We want the pupils of our school to be confident: readers, writers, mathematicians, scientists, historians, geographers, musicians, artists, linguists, theologists, athletes, designers and technologists. Our curriculum has been designed with a clear intent to: 

● meet the statutory requirements of the National Curriculum 2014. 

● provide a broad and balanced curriculum that meets the needs of all of our pupils and reflects the local context, where appropriate. 

● enable all our pupils to make progress in their learning, achieve their full potential and aim high. 

● support the acquisition of knowledge and vocabulary 

● ensure reading is given the highest priority across all aspects of the curriculum in order to develop fluency, accessibility and a love of reading within this school.

● prepare pupils for life in modern Britain and beyond Thorp Primary School and its locality. 

● develop the pupils’ understanding, appreciation and celebration of difference – culturally and socially (locally, nationally and globally) . This is purposeful in the recognition of the mono culture demographic of the school. Thus enabling pupils to be reflective, empathetic individuals who will become responsible and effective contributors to society 

● develop building learning skills (including resilience, confident communication)

● engage, inspire and hook pupils into their learning through a wide range of first hand experiences - providing pupils with memorable and rich opportunities which adds value and further promotes cultural capital.

Curriculum Implementation

At the heart of our curriculum are the core subjects of English, Mathematics and Science. We also value our wider curriculum, covering all other National Curriculum subjects and these foundation subjects are taught as discrete subject specific units/topics of learning but make tangible cross-curricular learning links which are meaningful where appropriate, relevant and help to secure prior learning or develop learning further.

Long term curriculum overviews outline how the breadth of the National Curriculum will be taught. Teachers use the long term curriculum overviews and subject progression documents to ensure medium term planning is sequential and clearly identifies the key knowledge pupils will be taught. Progression of knowledge is carefully planned, ensures learning builds effectively over time and is representative of themselves, whilst providing opportunities to understand similarities and differences from themselves locally, nationally and globally.

 Our teaching is rooted in evidence-based research. Teachers are self-reflective and use this to enhance their teaching skills and strategies to help raise standards across the full breadth of the curriculum. Teachers have excellent knowledge of the subjects they teach and this is supported through sequential schemes of work, which have been carefully designed to build on pupils’ prior learning. Subject leaders provide any additional support required in relation to their subject specialism.

Assessment is designed thoughtfully to shape future learning. It is not excessive or onerous and is part of the day to day working practices of the classroom. Teachers ensure that pupils embed key knowledge in their long term memory by providing opportunities to revisit prior learning at the start of each lesson.  Daytoday, on-going assessment is a crucial method of assessment which provides instant feedback to the teacher and ensures progress within every lesson.
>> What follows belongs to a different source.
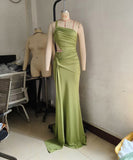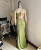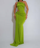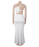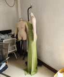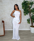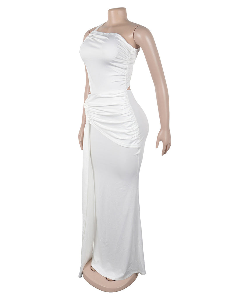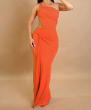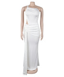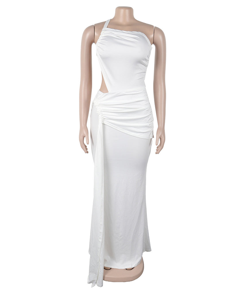 Fashionable Solid Color Single Shoulder Pleated Dress

Strategies such as assessment for learning are used in all lessons. These provide a clear picture of a child’s level of understanding and, ensure that teachers can quickly assess when a child does not understand and needs greater support. Lessons should be flexible enough to allow teachers to adapt to the needs of the child. All forms of assessment are also used to inform planning for subsequent lessons.  Pupils are formally assessed three times a year (summative assessment) although ongoing formative assessment supports learners throughout the teaching and learning cycle. These end points are key to knowing whether pupils have been successful. 

Curriculum Impact

From their different starting points, all children (including those with SEND or from disadvantaged backgrounds) will make good progress academically, emotionally, creatively, socially and physically.  When measuring curriculum impact we also consider if the pupils leave Thorp Primary School well-rounded individuals who embody our values and carry with them the knowledge, skills and attitudes which make them lifelong learners and valuable future citizens.